I was writing a kinda long reply but maybe I should first clarify: what do you mean by “model”? Can you give examples of ways that I could learn something (or otherwise change my synapses within a lifetime) that you wouldn’t characterize as “changes to my mental model”? For example, which of the following would be “changes to my mental model”?
I learn that Brussels is the capital of Belgium
I learn that it’s cold outside right now
I taste a new brand of soup and find that I really like it
I learn to ride a bicycle, including
maintaining balance via fast hard-to-describe responses where I shift my body in certain ways in response to different sensations and perceptions
being able to predict how the bicycle and me would move if I swung my arm around
I didn’t sleep well so now I’m grumpy
FWIW my inclination is to say that 1-4 are all “changes to my mental model”. And 5 involves both changes to my mental model (knowing that I’m grumpy), and changes to the inputs to my mental model (I feel different “feelings” than I otherwise would—I think of those as inputs going into the model, just like visual inputs go into the model). Is there anything wrong / missing / suboptimal about that definition?

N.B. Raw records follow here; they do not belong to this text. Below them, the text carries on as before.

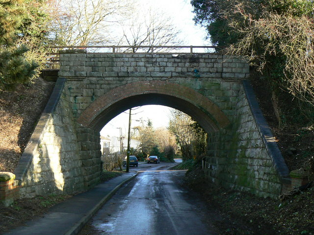 Bridge over Elcot Lane, Marlborough, Wiltshire The bridge once carried what was once the Midland and South Western Junction railway. Find out more about the line at Keyword:M&SWJR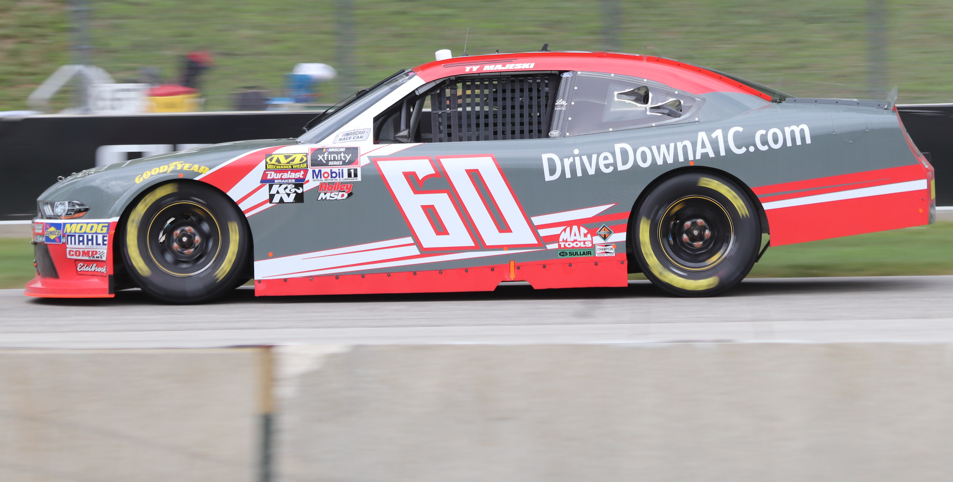 The Ford Mustang of Ty Majeski at the NASCAR Xfinity Series Johnsonville 180.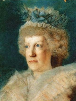 Portrait of Maria Carolina of Austria (1752-1814), Queen of Naples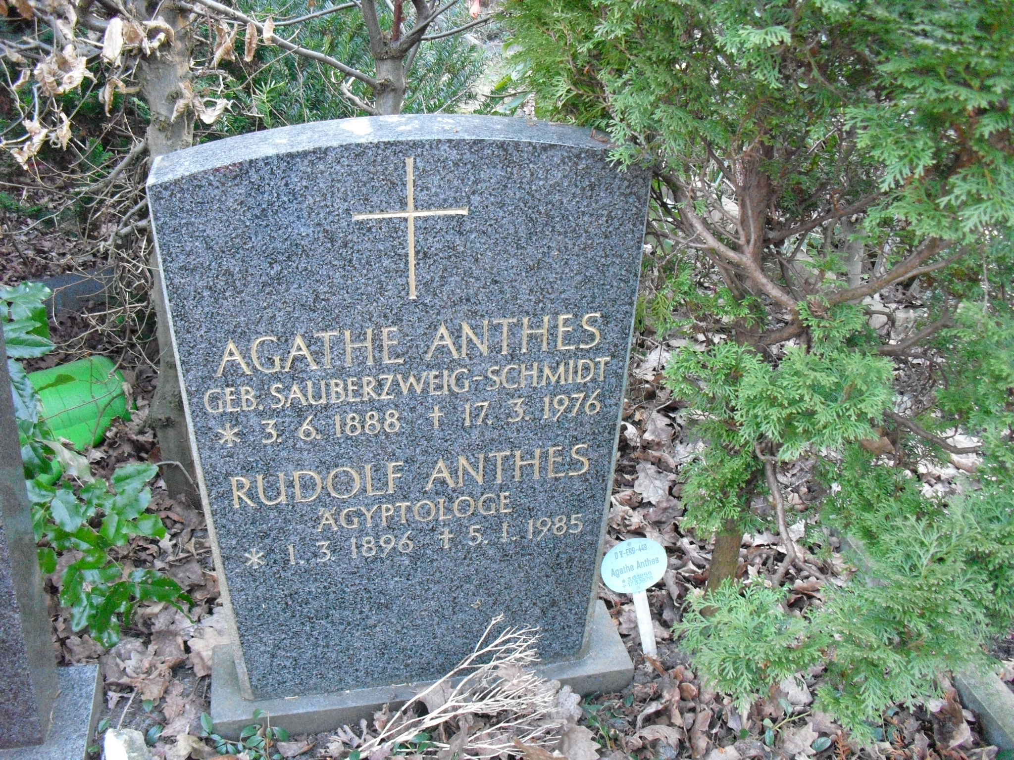 Grave of German egyptologist Rudolf Anthes in Friedhof Steglitz, Berlin.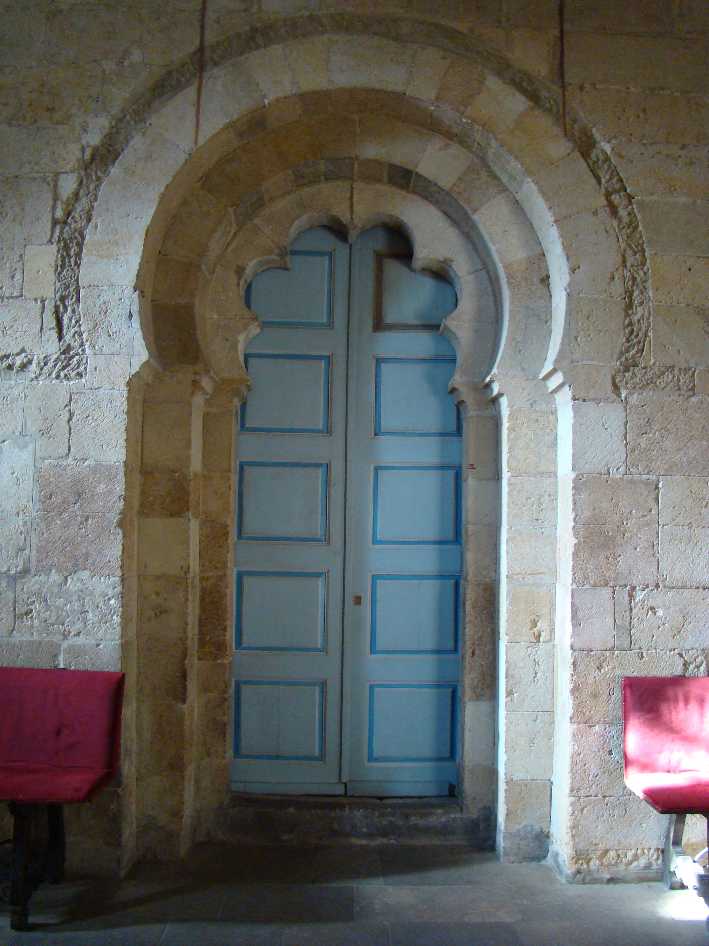 Romanesque basilica of San Isidoro in León, Spain. Romanesque gate divided into lobes which is located at the feet of the church. Nowadays it is closed but in romanic times it lead to the pantheon.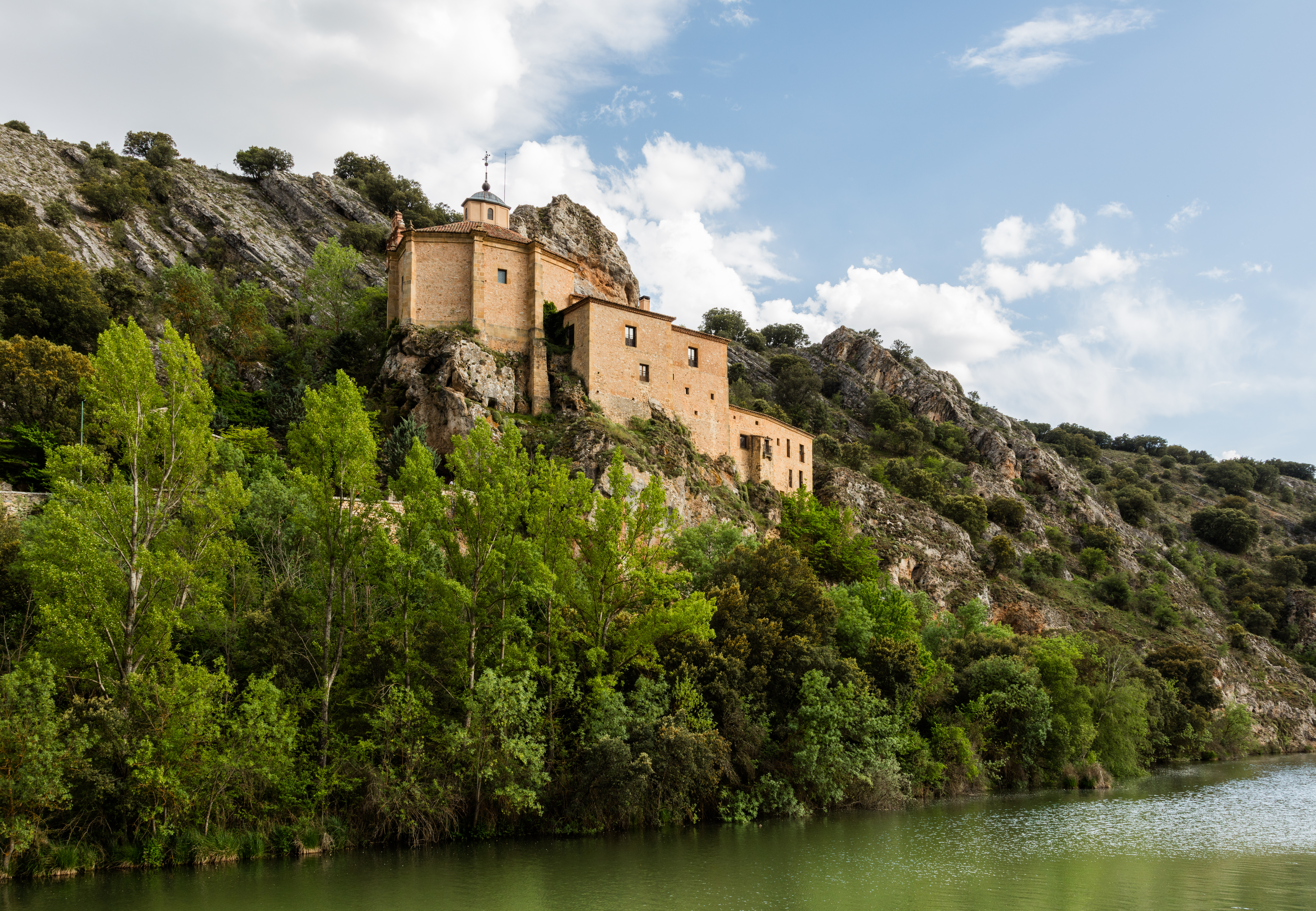 Hermitage of St Saturio, Soria, Spain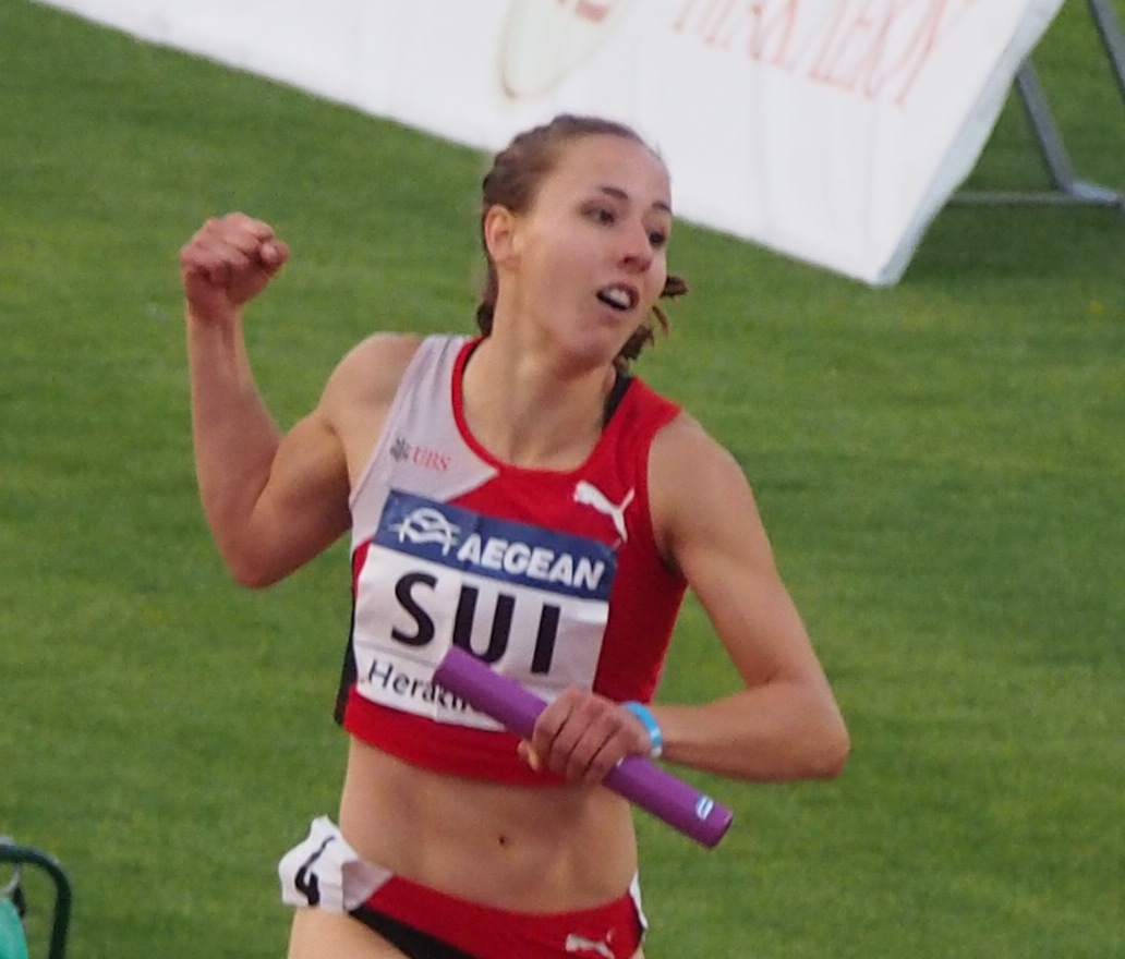 Selina Büchel, at 4x400 women's relay, at the end of the race.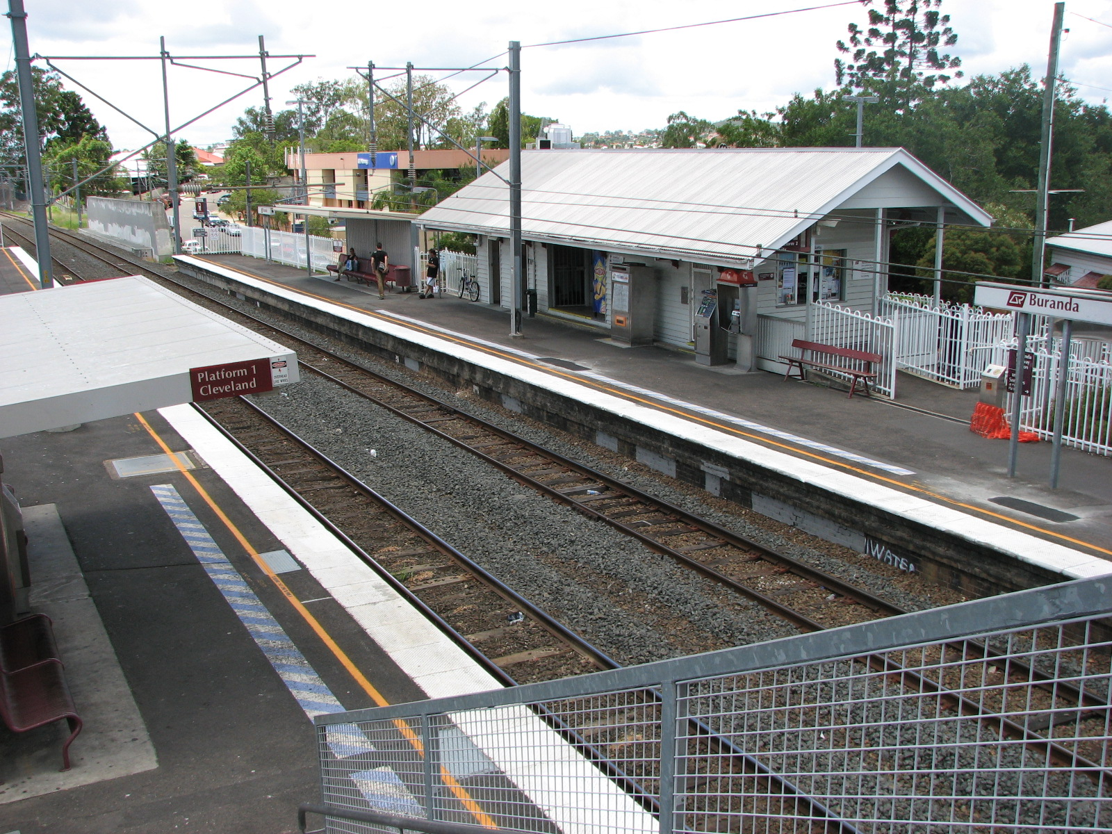 QR Buranda Station. Looking towards Cleveland & the Citytrain Platforms by Qld matt 12:53, 3 March 2007 (UTC)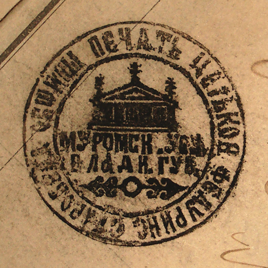 Print of Stamp Fedurino Old Believers Church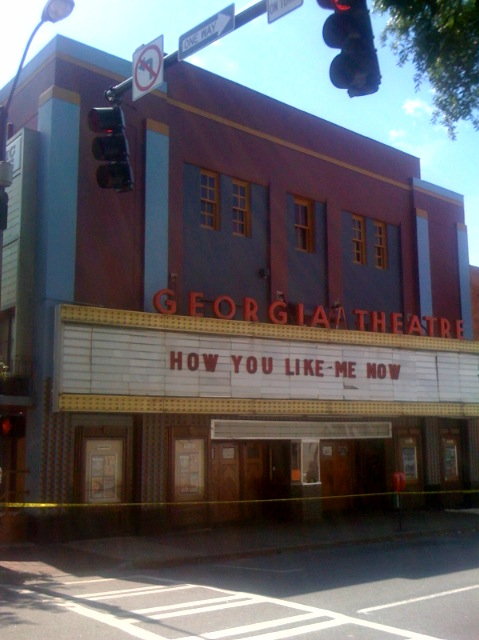 Georgia Theatre, Athens, Georgia, USA

Vertigo, lust, pain reactions, some fear responses, and so on, don’t involve a model. Some versions of “learning that it’s cold outside” don’t involve a model, just looking out and shivering; the model aspect comes in when you start reasoning about what to do about it. People often drive to work without consciously modelling anything on the way.
Think model-based learning versus Q-learning. Anything that’s more Q-learning is not model based.